By analyzing existing cross correlation between Dreyfus Tax Managed and Dreyfus Appreciation Fund, you can compare the effects of market volatilities on Dreyfus Tax and Dreyfus Appreciation and check how they will diversify away market risk if combined in the same portfolio for a given time horizon. You can also utilize pair trading strategies of matching a long position in Dreyfus Tax with a short position of Dreyfus Appreciation. Check out your portfolio center. Please also check ongoing floating volatility patterns of Dreyfus Tax and Dreyfus Appreciation.

Diversification Opportunities for Dreyfus Tax and Dreyfus Appreciation

0.66
  Correlation Coefficient

Poor diversification

The 3 months correlation between Dreyfus and Dreyfus is 0.66. Overlapping area represents the amount of risk that can be diversified away by holding Dreyfus Tax Managed and Dreyfus Appreciation Fund in the same portfolio, assuming nothing else is changed. The correlation between historical prices or returns on Dreyfus Appreciation and Dreyfus Tax is a relative statistical measure of the degree to which these equity instruments tend to move together. The correlation coefficient measures the extent to which returns on Dreyfus Tax Managed are associated (or correlated) with Dreyfus Appreciation. Values of the correlation coefficient range from -1 to +1, where. The correlation of zero (0) is possible when the price movement of Dreyfus Appreciation has no effect on the direction of Dreyfus Tax i.e., Dreyfus Tax and Dreyfus Appreciation go up and down completely randomly.
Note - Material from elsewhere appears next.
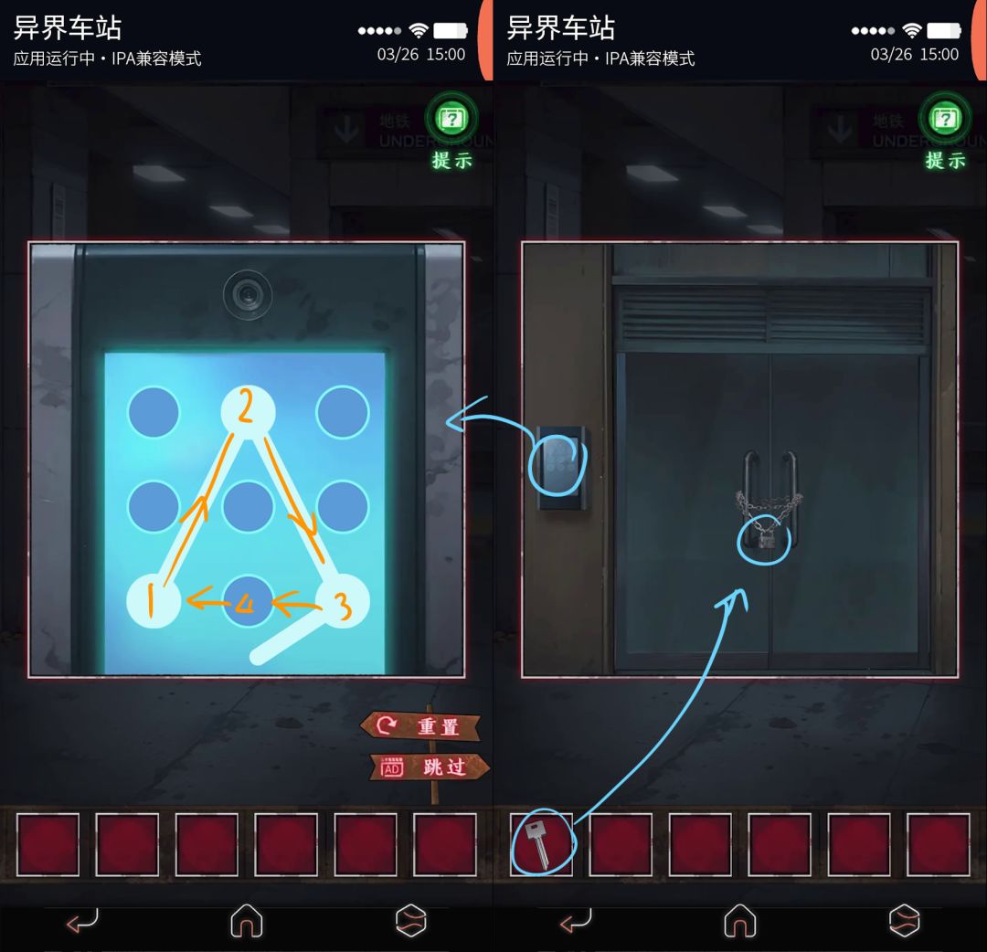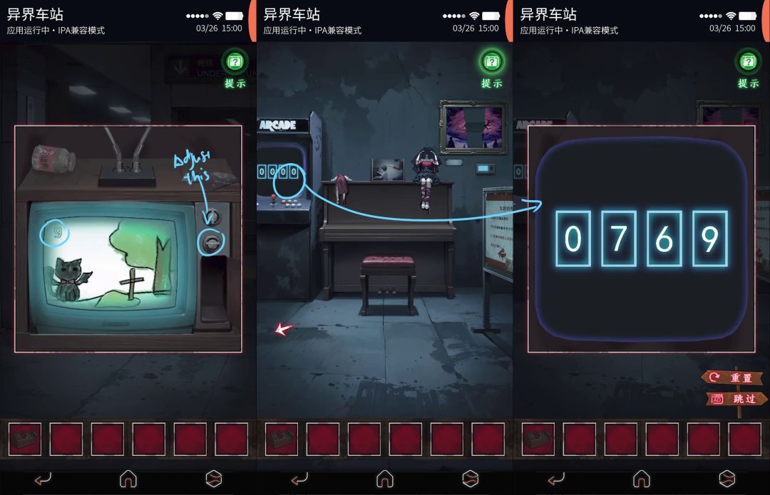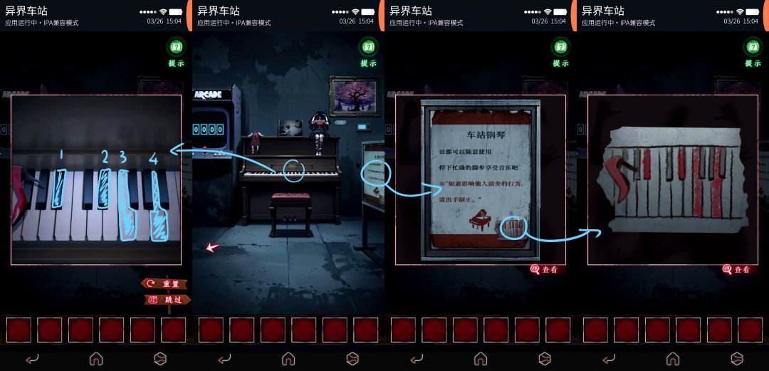 使用获得的唱片与摇把装载入留声机,得到锤子;使用锤子击破站台大门。

Pair Corralation between Dreyfus Tax and Dreyfus Appreciation

Assuming the 90 days horizon Dreyfus Tax Managed is expected to under-perform the Dreyfus Appreciation. In addition to that, Dreyfus Tax is 1.14 times more volatile than Dreyfus Appreciation Fund. It trades about -0.11 of its total potential returns per unit of risk. Dreyfus Appreciation Fund is currently generating about -0.11 per unit of volatility. If you would invest  4,514  in Dreyfus Appreciation Fund on September 25, 2024 and sell it today you would lose (532.00) from holding Dreyfus Appreciation Fund or give up 11.79% of portfolio value over 90 days.
Time Period3 Months [change]
DirectionMoves Together 
StrengthSignificant
Accuracy100.0%
ValuesDaily Returns

Dreyfus Tax Managed  vs.  Dreyfus Appreciation Fund

 Performance 
       Timeline  
Dreyfus Tax Managed 

Risk-Adjusted Performance

0 of 100

 
Weak
 
Strong
Very Weak
Over the last 90 days Dreyfus Tax Managed has generated negative risk-adjusted returns adding no value to fund investors. In spite of weak performance in the last few months, the Fund's basic indicators remain fairly strong which may send shares a bit higher in January 2025. The current disturbance may also be a sign of long term up-swing for the fund investors.
Dreyfus Appreciation 

Risk-Adjusted Performance

0 of 100

 
Weak
 
Strong
Very Weak
Over the last 90 days Dreyfus Appreciation Fund has generated negative risk-adjusted returns adding no value to fund investors. In spite of latest weak performance, the Fund's technical and fundamental indicators remain strong and the current disturbance on Wall Street may also be a sign of long term gains for the fund investors.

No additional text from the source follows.